• Panminerva medica · Mar 2022

    SARS-CoV-2-related lung pathology: macroscopic and histologic features and their clinical implications.

    • Francesca Sanguedolce, Magda Zanelli, Stefano Ascani, Maurizio Zizzo, Simona Tortorella, Alessandra Soriano, Alberto Cavazza, Francesco Sollitto, and Domenico Loizzi.
    • Unit of Pathology, AOU Ospedali Riuniti di Foggia, Foggia, Italy - fradolce@hotmail.com.
    • Panminerva Med. 2022 Mar 1; 64 (1): 80-95.

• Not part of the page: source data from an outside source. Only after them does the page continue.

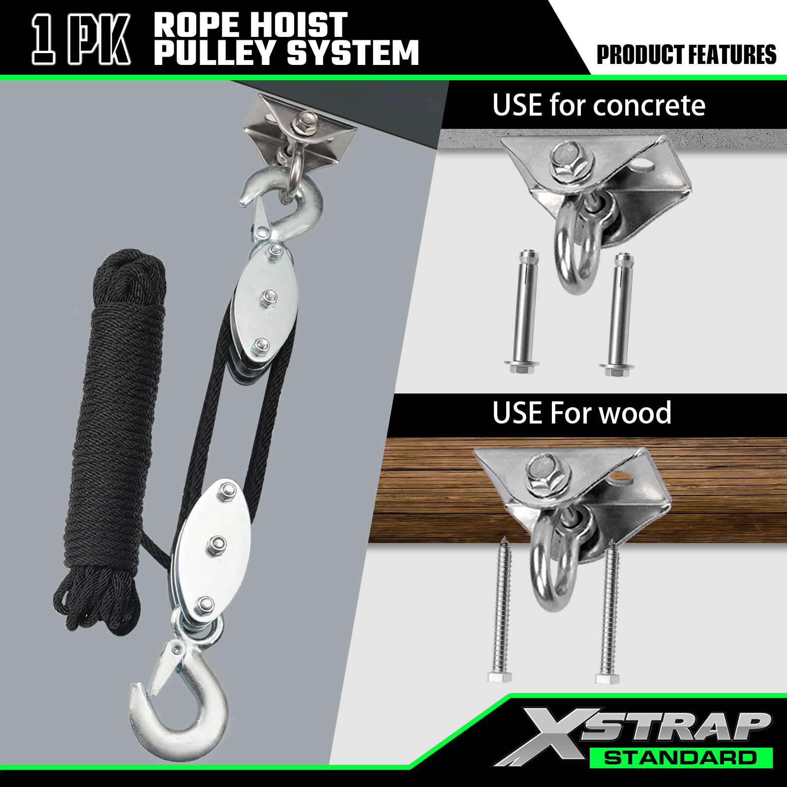 Toto je náš 50-stopový lanový kladkostroj XSTRAP STANDARD, vysokovýkonný 2000LB systém kladky kolies a kladky na zdvíhanie ťažkých predmetov pomocou pracovných rukavíc, 2 ks mäkkých slučiek, 1 výkyvný záves pre garážový sklad.
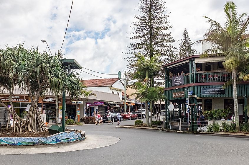 オーストラリア、ニューサウスウェールズ州バイロンベイの中心にあるショップや企業。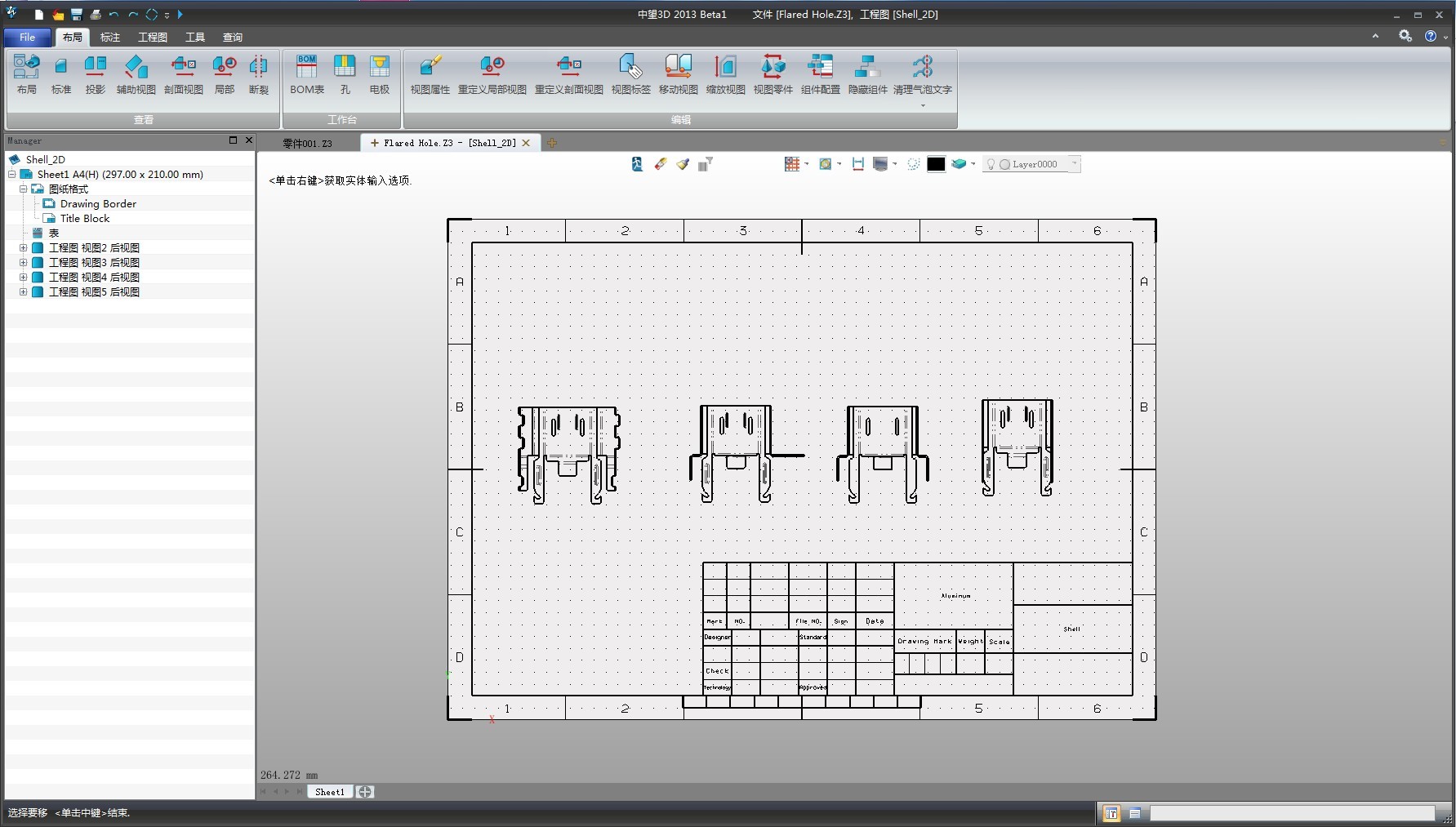1.支持多種標準的圖紙 中望3D支持GB、ANSI、JIS等多國工程圖標準,其自身自帶標準圖紙模板,能夠通過編輯、增加內容而成為企業自己的標準圖紙。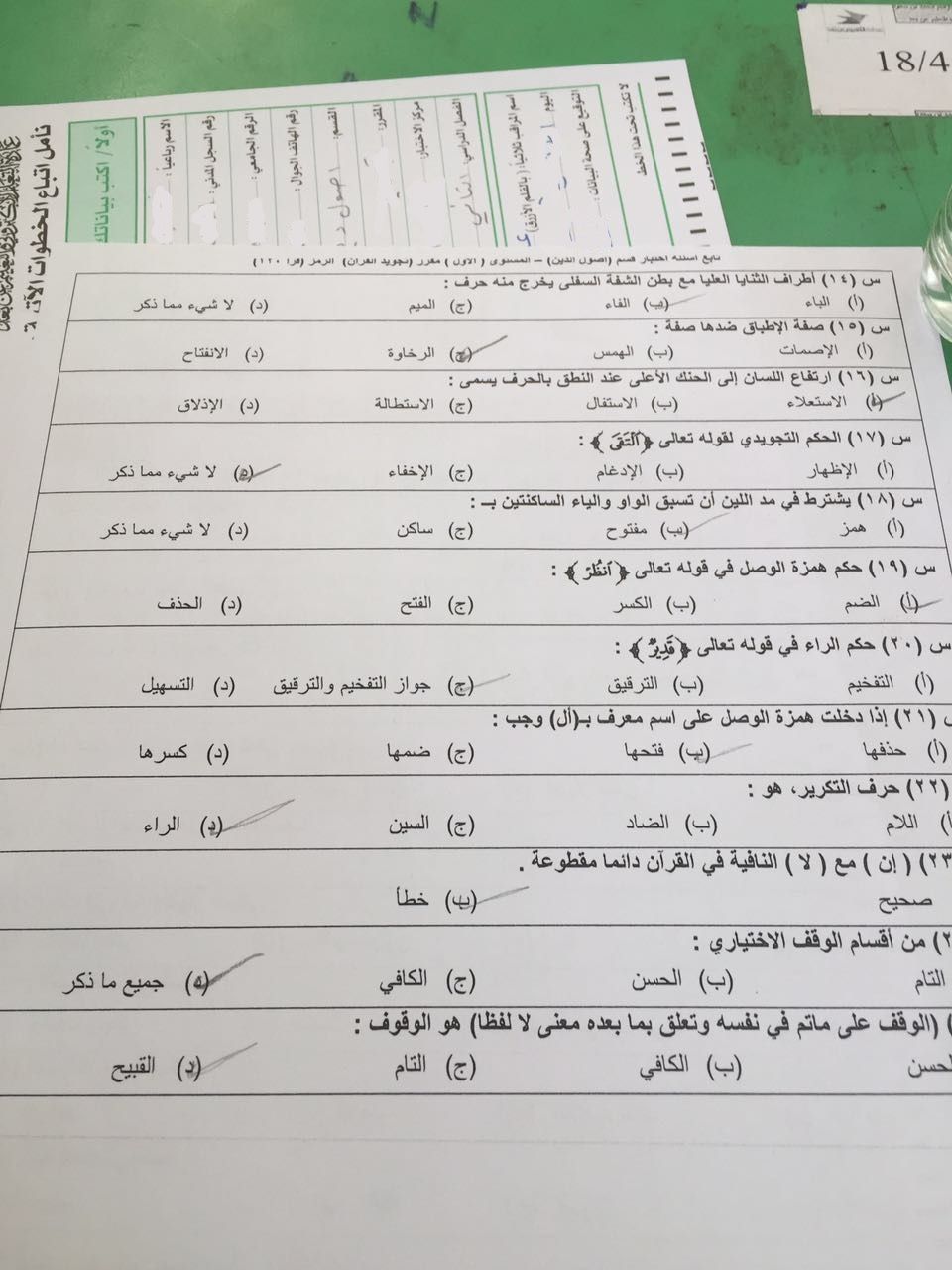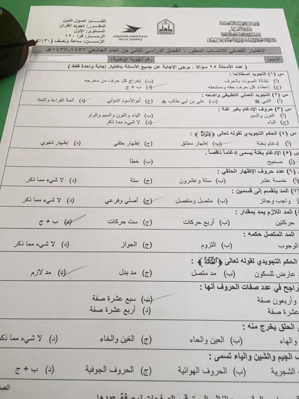 اختبار تجويد القرآن قرا 120 الفصل الثاني 1437هـ

    AbstractThe ongoing global Coronavirus disease 2019 (COVID-19) pandemic, caused by severe acute respiratory syndrome Coronavirus 2 (SARS-CoV-2), has been posing challenges to proper patients' management. Lungs are the first, and often the most affected organ by SARS-CoV-2; viral infection involves and damages both epithelial and vascular compartments, sometimes leading to severe and even fatal acute respiratory distress syndrome. Histopathological findings, mainly from post-mortem examination of COVID-19 deceased patients, have been increasingly published in the last few months, helping to elucidate the sequence of events resulting in organ injury and the complex multifactorial pathogenesis of this novel disease. A multidisciplinary approach to autopsy, including light microscopy examination along with the detection of viral proteins and/or RNA in tissue samples through ancillary techniques, provided crucial information on the mechanisms underlying the often-heterogeneous clinical picture of COVID-19.